Suite à la réunion du comité syndical intercommunal ce lundi 10 février, le maire de Grasse, Jérôme Viaud, annonce un remboursement des abonnements à l'eau potable pour les habitants. Une remise payée à 50% par SUEZ et à 50% par le SIEF. L'opposition dénonce un simple effet d'annonce.
Le Syndicat intercommunal des eaux de Foulon, qui regroupe neuf communes du bassin grassois, s'est réuni ce lundi 10 février.
Le maire de Grasse, Jérôme Viaud, a annoncé sur Facebook qu'une "remise exceptionnelle" a été votée pour rembourser ses administrés victimes de la contamination de l'eau potable.

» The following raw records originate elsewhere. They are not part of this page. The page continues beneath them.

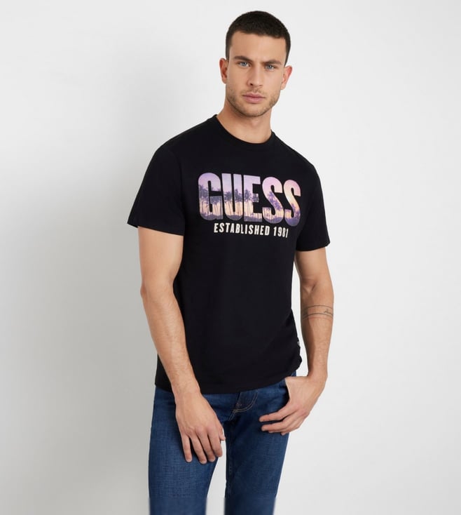 Black Graphic Print Round Neck Short Sleeves T-Shirt
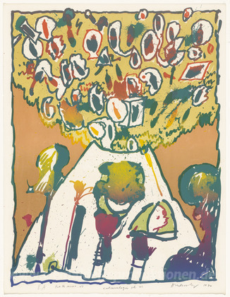 Wir bieten Ihnen eine handgefertigte Reproduktion auf Leinwand des berühmten Kunstwerks 'Tafel VI aus dem Portfolio Vulcanologies' von Pierre Alechinsky, aus dem Reproduktionsmuseum.
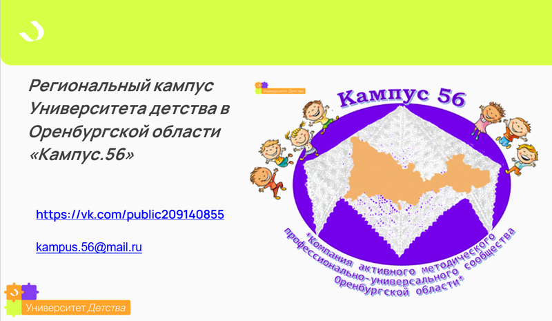 Итогом проведения школы стало объявление о начале работы регионального кампуса Оренбургской школы Университета детства «Кампус.56» https://vk.com/public209140855. Все участники конференции получили именные сертификаты от Университета детства.
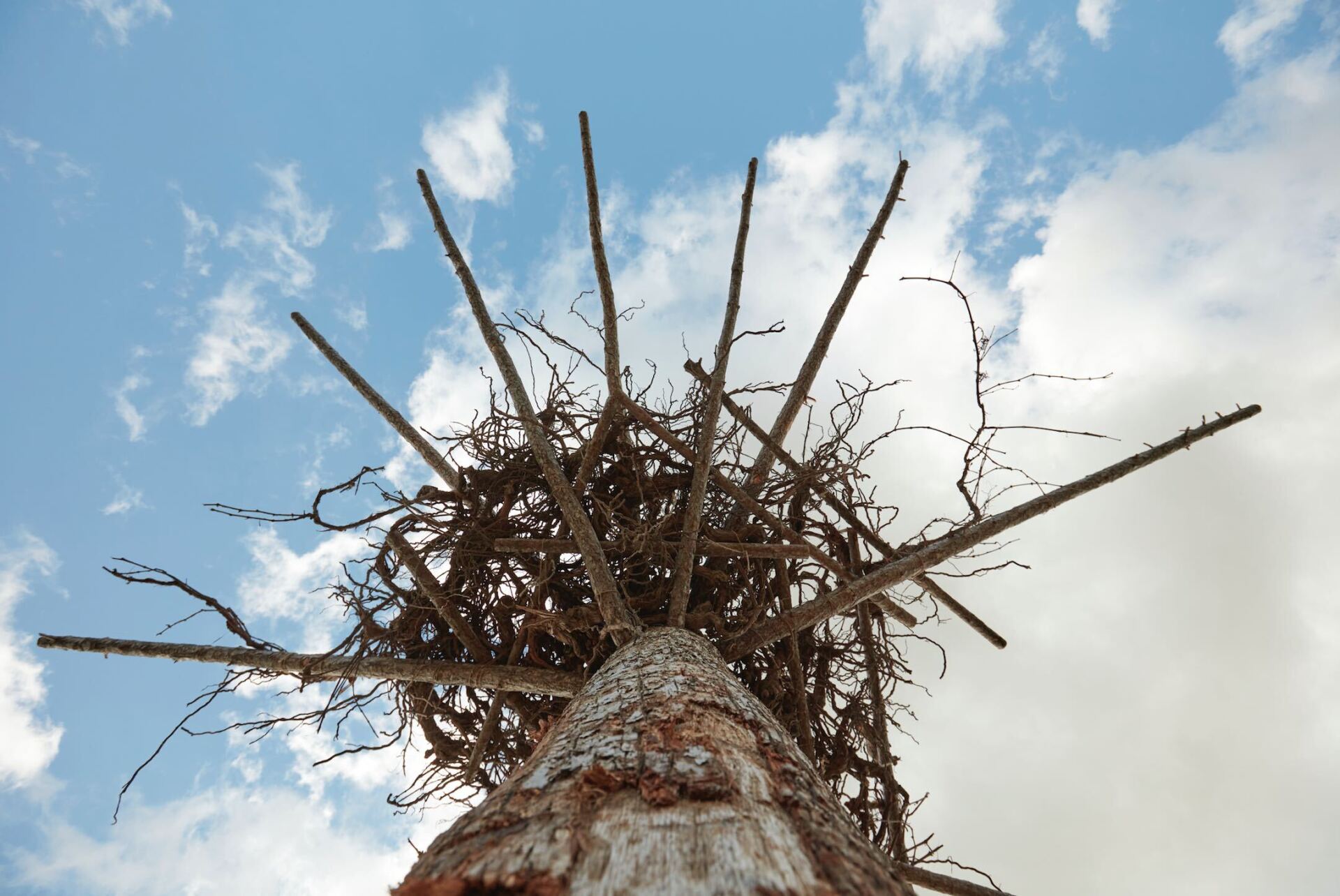 Nils-Udo verwendete ausschliesslich Rebstöcke und Triebe aus dem Weinberg. Die fächerförmig angeordneten Nadelbäume bilden mit ihren drei Meter hohen Stämmen einen Schirm, der mit einem Nest aus Trieben besetzt ist. Diese HABITATS sind in der Erde verankert und enthalten keine Nägel oder Metallbefestigungen.
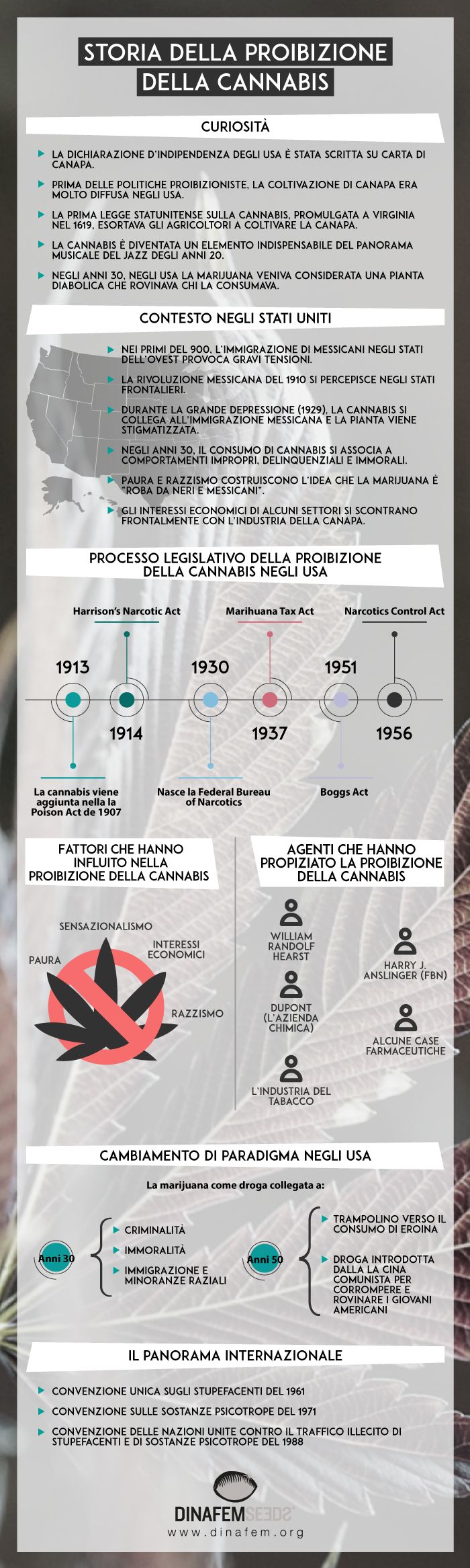 Gli Stati Uniti svolsero un ruolo fondamentale nella proibizione della cannabis a livello mondiale. Paradossalmente, il paese la cui Dichiarazione d'Indipendenza fu scritta su carta di canapa, diventò nel 900 il peggior nemico della cannabis e, avvalendosi del suo status egemonico, contribuì alla proibizione della pianta a livello mondiale.

"J'ai obtenu de SUEZ un geste financier sur la facture" écrit-il. Contacté par téléphone, il affirme que le groupe va rembourser 50% de l'abonnement des Grassois.
Cela signifie que la part eau potable de l'abonnement du mois de mars va être dégrevée soit une baisse de 47% de la facture.À ce geste va s'ajouter une remise de 50% assurée par le SIEF sur les abonnements trimestriels des habitants concernés.
Un simple effet d'annonce ?
Ce "remboursement à 100%" promis par le maire sonne comme une bonne nouvelle, deux mois pile après l'arrêté préfectoral interdisant d'utiliser l'eau potable.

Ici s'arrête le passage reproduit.